Hace unos años que ya no estoy. Me fui con la satisfacción de haberles dado lo mejor de mi vida y haber recibido de ellos la alegría y el mirar las cosas con sus ojos nuevos. Ha sido un intercambio que me ha mantenido la ilusión por la vida y me ha dejado un grato recuerdo. Mi agradecimiento a las familias y a todos los compañeros, de los que he recibido siempre el apoyo y el cariño necesarios para seguir adelante. Por donde quiera que voy, encuentro alumnos, ya mayores, madres y alguna que otra vez oigo: «¡Maestra…!». ¡Mis niños, queridos niños! ¡Qué alegría en sus caritas al encontrarnos de nuevo! Para ellos seré siempre la maestra, porque maestra se es, aunque no estés en la escuela, y yo lo seguiré siendo hasta el día que me muera. Os quiero.
LA PUERTA DEL CONOCIMIENTO
Desde muy pequeña me han fascinado los libros. Desde los tres años, me asomaba al balcón y miraba con desconsuelo a las niñas que iban al colegio que había frente a casa hasta que un día cogí la maleta, bajé las escaleras, salí de casa y me fui detrás de ellas. La maestra me acogió y me aceptó en la clase sin tener en cuenta mi edad: no tenía nada que ver que yo fuera tan pequeña para sacar de mí todo el potencial que tenía escondido.

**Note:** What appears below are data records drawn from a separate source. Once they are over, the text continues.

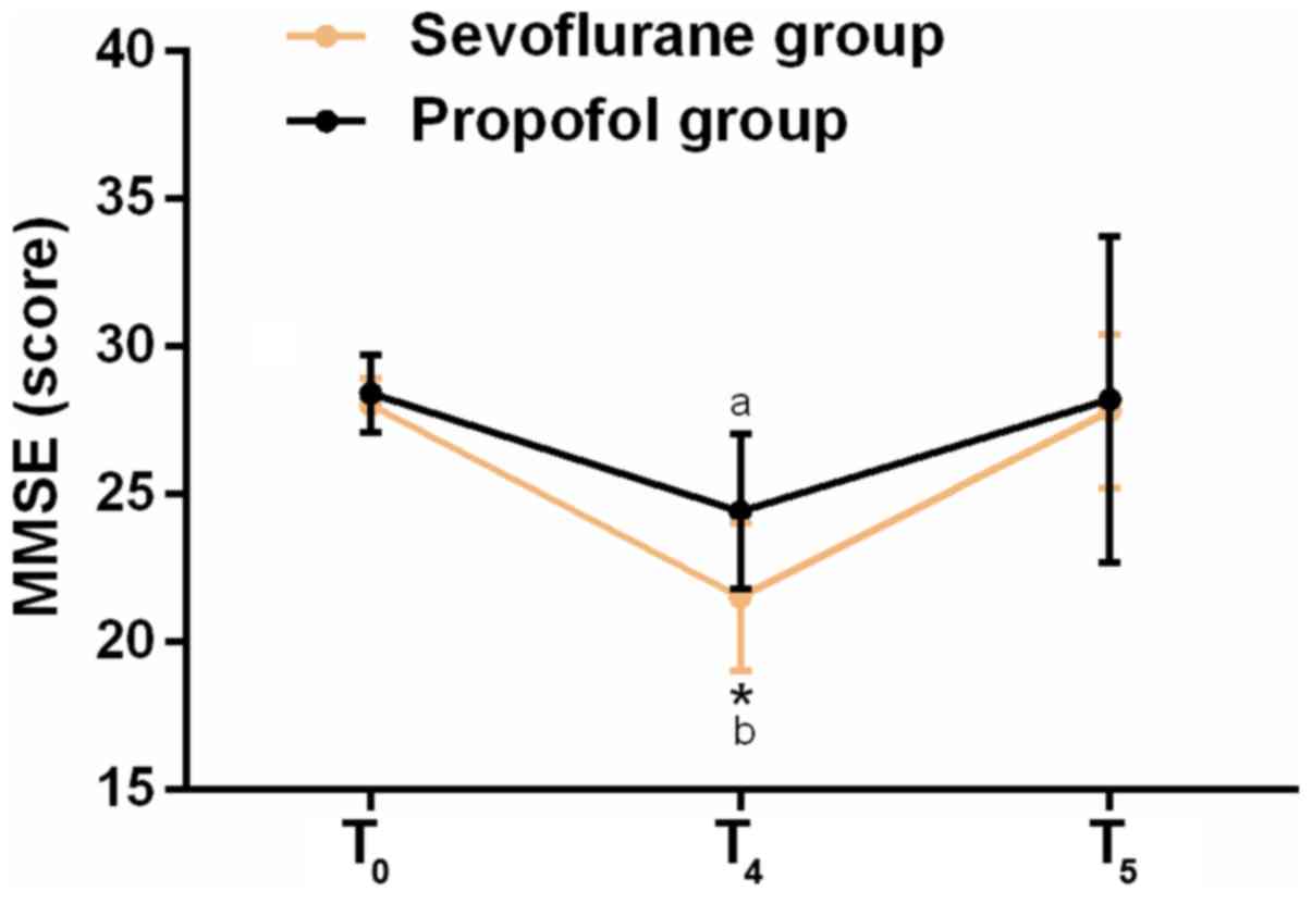 In order to investigate the effects of propofol and sevoflurane on the cognitive function, MMSE cognitive function scores in the propofol group and sevoflurane group were counted at T0, T4, and T5. The results showed that there was no significant difference between the MMSE cognitive function scores in the propofol and the sevoflurane group at T0 (P>0.05). MMSE cognitive function scores in the propofol group were significantly higher than those in the sevoflurane group at T4 (P<0.05), and MMSE cognitive function scores in the propofol group and the sevoflurane group at T4 were significantly lower than those at T0 (P<0.05). There was no significant difference between MMSE cognitive function scores in the propofol and the sevoflurane group at T5 and those at T0 (P>0.05) (Fig. 4).
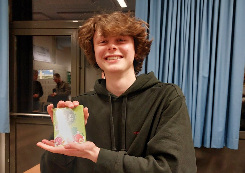 De laatste verrassing van de avond viel te beleven aan onze Dubbel Dobbel kassa. De allereerste keer toen we met het systeem van onze drankkaarten en de bijhorende winstkans met de dobbelstenen werkten, ging Aaron meteen met een prijs naar huis. Daarna gebeurde dit echter niet meer. Ook niet zo onlogisch natuurlijk met een winstkans van 1 op 60. Maar aangezien april de avond van de verrassingen was, kon een nieuwe winnaar ook hier niet ontbreken. Flor was de gelukkige van dienst. Hij ging met een gratis exemplaar van Point Salad naar huis!
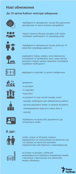 До 24 квітня в Україні заборонено з’являтися у громадських місцях без маски чи респіратора на обличчі, ходити групами більше двох людей, а діти до 14 років повинні бути в супроводі дорослих – такі обмеження уряд затвердив 2 квітня. Відповідна постанова з’явилася на сайті уряду 3 квітня.

Recuerdo mi primer libro de lecturas después de la cartilla Rayas: se llamaba Leedme, niñas , de Federico Torres; aunque yo lo llamaba El patito . Fue el que me abrió la puerta, el que despertó mi gusto por la lectura; la lectura como distracción, como placer y como la mejor forma de ocupar mi tiempo. Como enseguida terminaba, la maestra me decía que fuese a la librería (no había biblioteca) y cogiese lo que más me gustase, y añadía: «Para que seas maestra». No hacía falta, porque yo ya lo tenía decidido. Y así, siempre con los libros, fui pasando mi infancia sin aburrirme jamás.